Generalization in Monitored Markov Decision Processes (Mon-MDPs)
The paper "Generalization in Monitored Markov Decision Processes (Mon-MDPs)" addresses a compelling challenge in reinforcement learning (RL): how to model environments where reward signals are not always observable. Traditional RL models, which treat these as Markov decision processes (MDPs), rely on consistently observable rewards, a condition often violated in real-world applications. This work explores the Monitored Markov Decision Processes (Mon-MDPs) framework as a novel solution to this problem, in which rewards are sometimes unobservable.
Overview
The Mon-MDP framework expands the MDP formulation by introducing a separate monitor MDP that dictates when rewards are observable. The authors' key contribution is extending Mon-MDPs to non-tabular settings using function approximation (FA), as previous research has been constrained to simple, tabular cases. The paper demonstrates that integrating FA with a learned reward model enables agents to generalize from monitored states, where rewards are observable, to unmonitored states, where rewards are not directly accessible. This approach permits the derivation of near-optimal policies in certain scenarios defined as unsolvable in prior literature.
Methodology
The authors employ a function approximator for the reward model, utilizing neural network architectures that include two convolutional layers followed by fully connected layers. These networks learn both the reward function and the Q-values. The central observation is that this setup allows for effective generalization in Mon-MDPs – agents can infer appropriate actions in states without observable rewards by leveraging learned representations from states with observable rewards.
Key Findings
- The paper empirically substantiates that reward models in combination with FA facilitate better policy learning compared to treating unobservable rewards as zero or discarding them, notably demonstrated in a plant-watering robot simulation.

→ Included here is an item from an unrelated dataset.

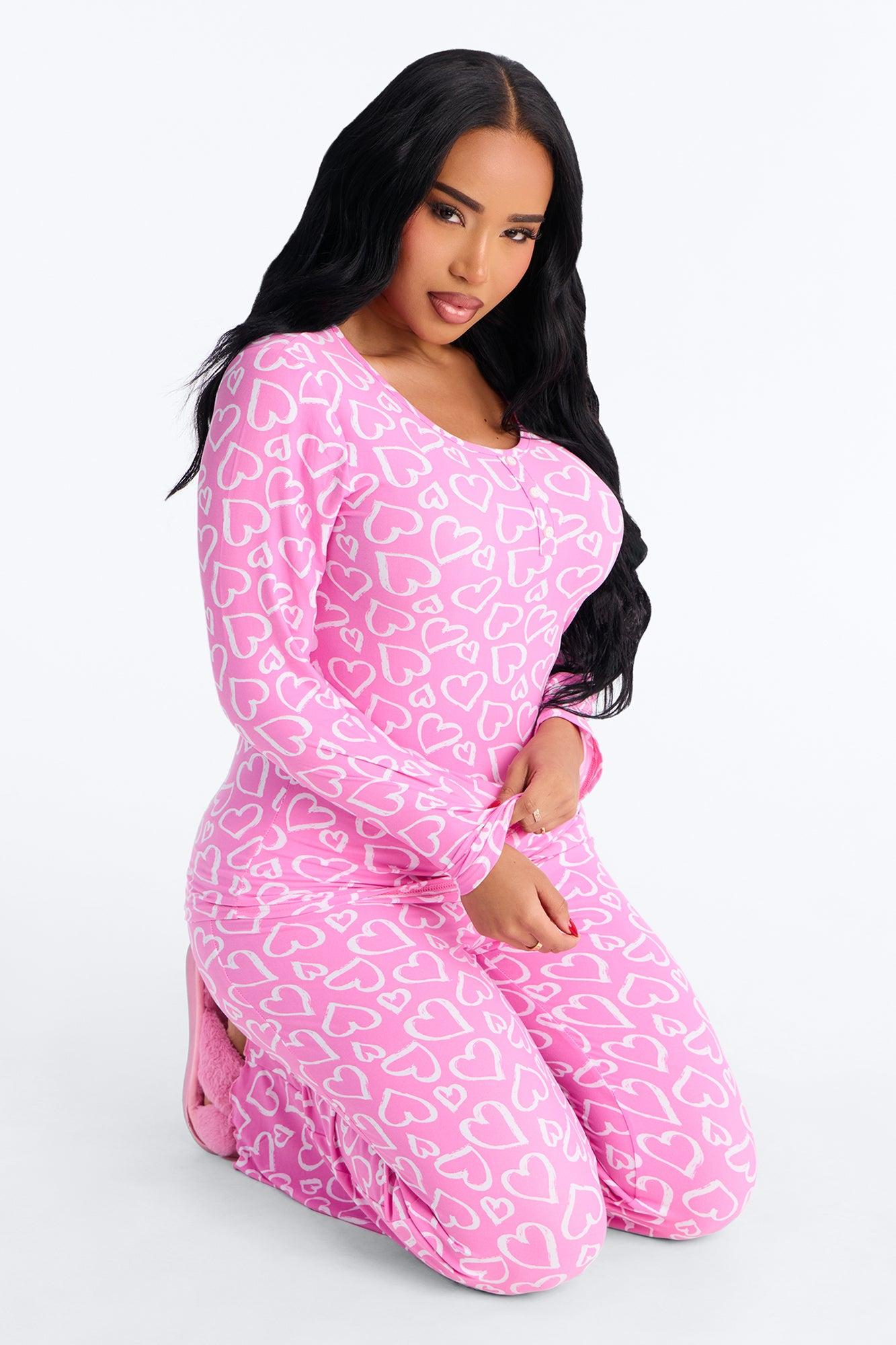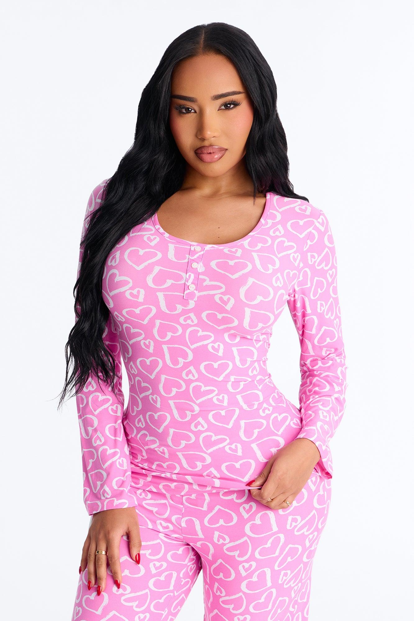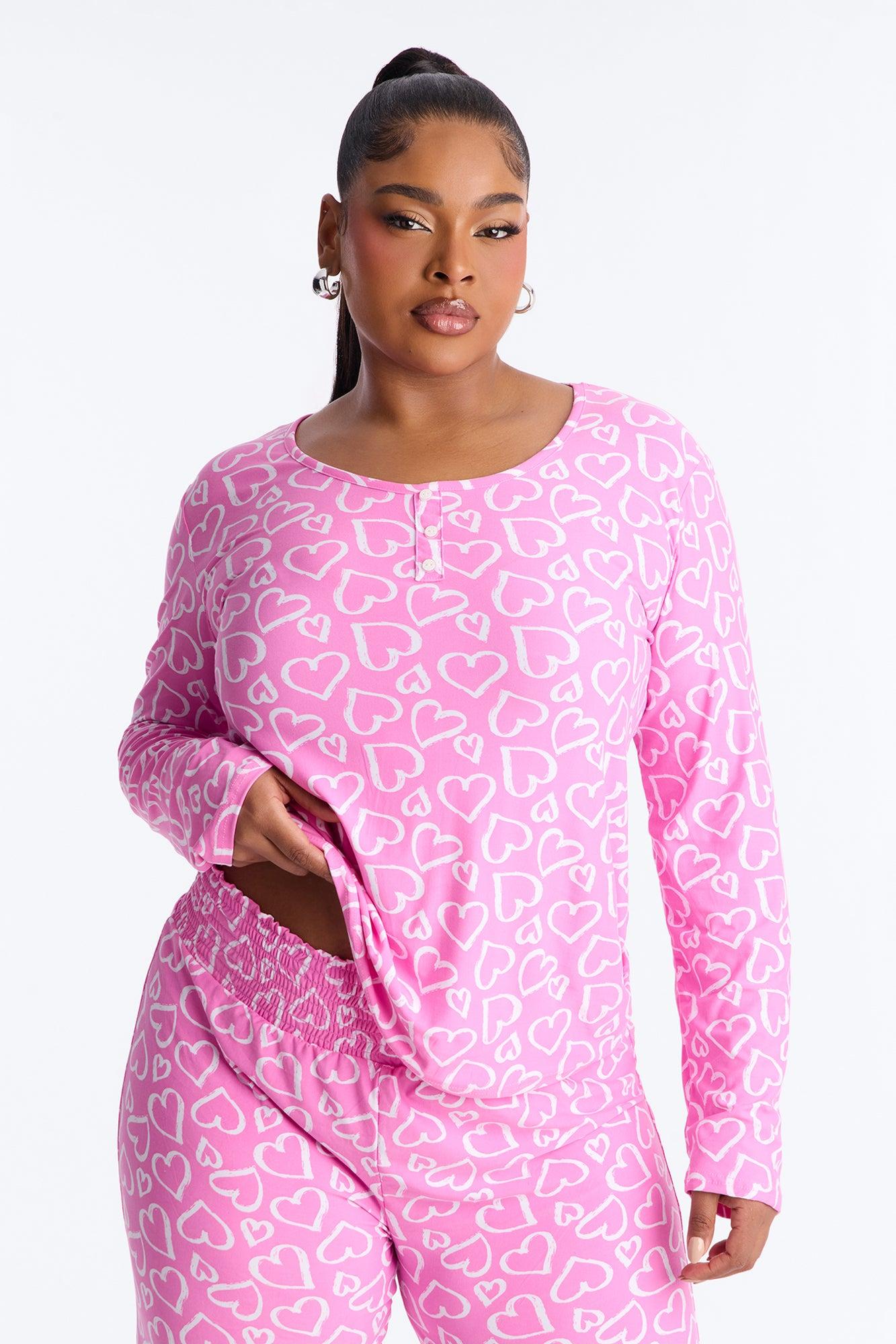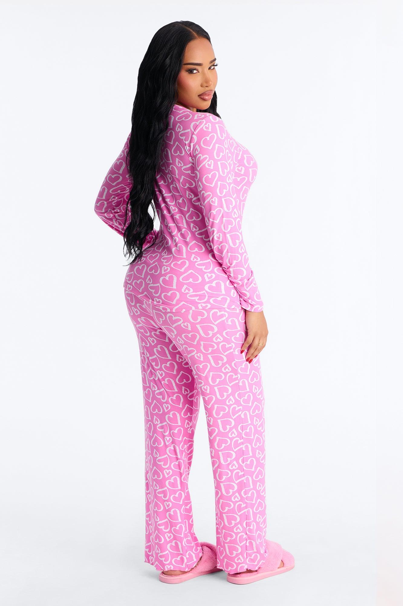 Available In Pink. PJ Pant Set Heart Print Long Sleeve Button Detail Matching Bottoms Elastic Waistband Stretch Final Sale Self : 95% Polyester 5% Spandex Imported

- Generalization from monitored states with observable rewards to unmonitored states is feasible, even achieving optimal outcomes in environments previously deemed unsolvable under tabular assumptions.
- There is a notable risk of overgeneralization with FA; agents might incorrectly extrapolate reward estimations to novel states, potentially resulting in suboptimal or unsafe behaviors.
Limitations and Mitigation Strategies
A critical limitation identified is the overgeneralization inherent in function approximation, which can lead to incorrect reward predictions in states not well represented during training. The authors propose a novel cautious policy optimization approach that incorporates reward uncertainty, leveraging k-of-N counterfactual regret minimization (CFR) to ensure robust policy learning. This method effectively mitigates overgeneralization issues, steering the agent towards safer behavior in the presence of uncertainty.
Implications and Future Work
This research extends the applicability of Mon-MDPs to more complex, real-world scenarios, emphasizing the need for adaptability when rewards are inconsistently observable. Practically, it signifies a potential breakthrough for robotics, autonomous systems, and industrial automation domains where occasional feedback is unavailable or impractical.
Further research directions include adapting Mon-MDPs to continuous action spaces, developing computationally efficient methods for capturing epistemic uncertainty, and understanding plasticity loss phenomena when utilizing deep learning in Mon-MDPs. Moreover, the exploration of Mon-MDPs in real-world applications would provide valuable insights into their practical utility and robustness.
Overall, this paper represents a thoughtful advancement in the modeling of complex decision processes where observable feedback is intermittently available, paving the way for further innovations in the field of RL and AI.